ヒトリシズカの花は白いブラシのような花です。花だけみていると昔、理科室で見た試験管洗いのようか感じです。そういったら山仲間からデリカシーがないと言われました。
なにしろ花の名前が静御前からつけられたものですから。

静御前は源義経の恋人の白拍子です。さぞ美しい姿で舞ったのでしょうね。その静御前の美しさになぞらえてつけられた名前がヒトリシズカです。試験管洗いのブラシでは確かにデリカシーがない。一人とつくのは茎の先に一つの花をつけるからで、二つの花をつけるフタリシズカという花もあるそうです。
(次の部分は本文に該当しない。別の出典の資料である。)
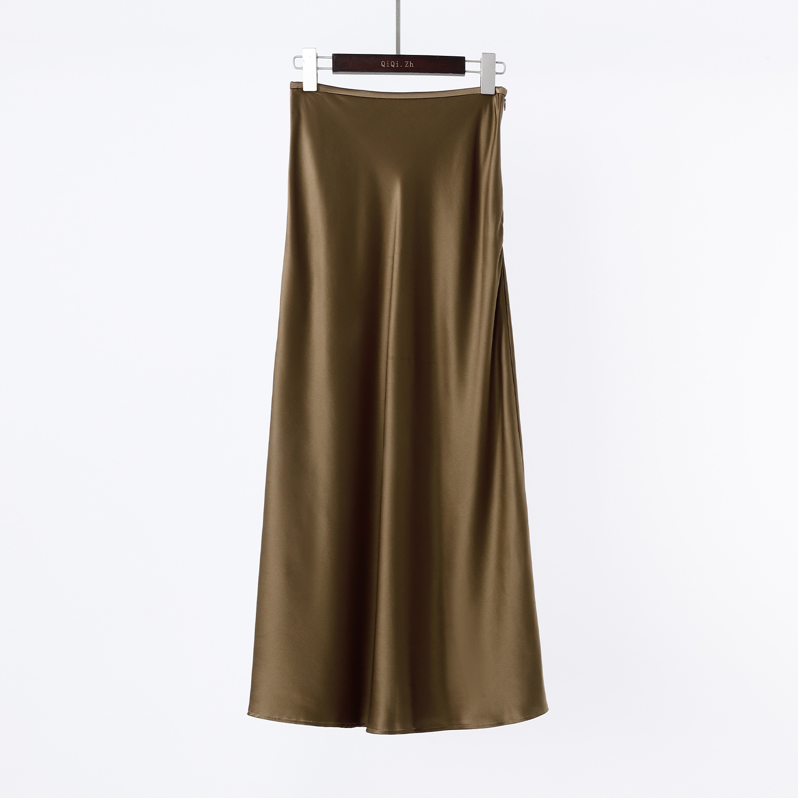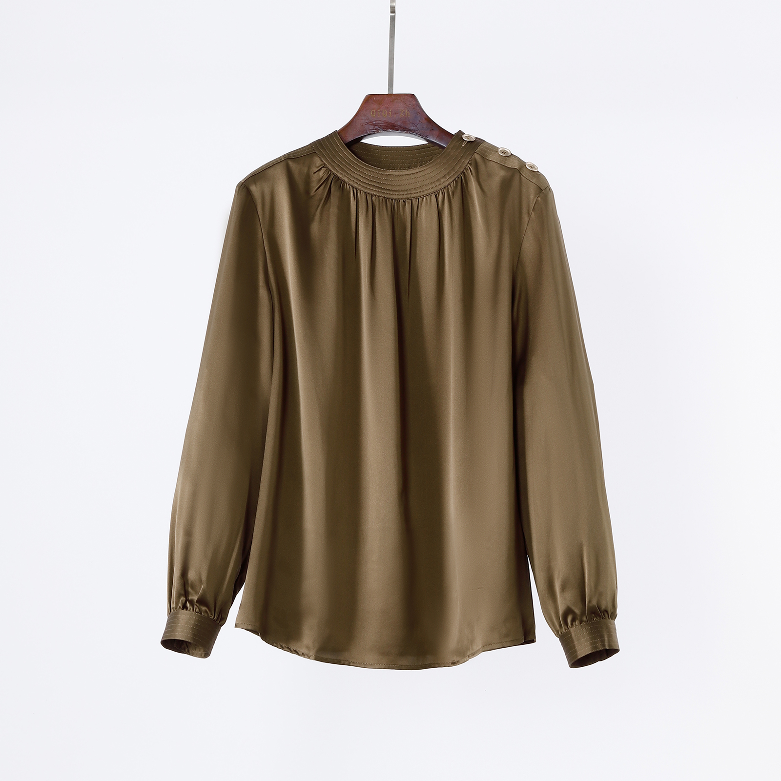 气质桑蚕丝套装 重磅真丝缎面套头长袖衬衫上衣 斜裁半身长裙

ヒトリシズカは山の斜面などに咲いています。残念ながら霧島ではあまり見かけたことがなく、私が見たのはもっぱら熊本の山々です。カタクリなどを訪ねて山行したときに登山道の横に咲いていたりしました。群生していることが多く、あの白いブラシのような花がニョキニョキと印象的です。

ヒトリシズカ

時に一本だけ咲いているヒトリシズカに出会うときがあります。ヒトリシズカは4枚を葉を同じところから出して、その上に白い花をつけます。そんなヒトリシズカの花は、まさに踊りを舞っているかのようです。

静御前のお話

静御前は悲運の女性です。義経が兄の頼朝に追われて落ちていくときに、吉野で義経から京に戻されますが、頼朝側に捕えられることになります。
その後、頼朝に白拍子の舞を命じられた静御前は、事もあろうに頼朝の前で義経を慕う歌を歌うのです。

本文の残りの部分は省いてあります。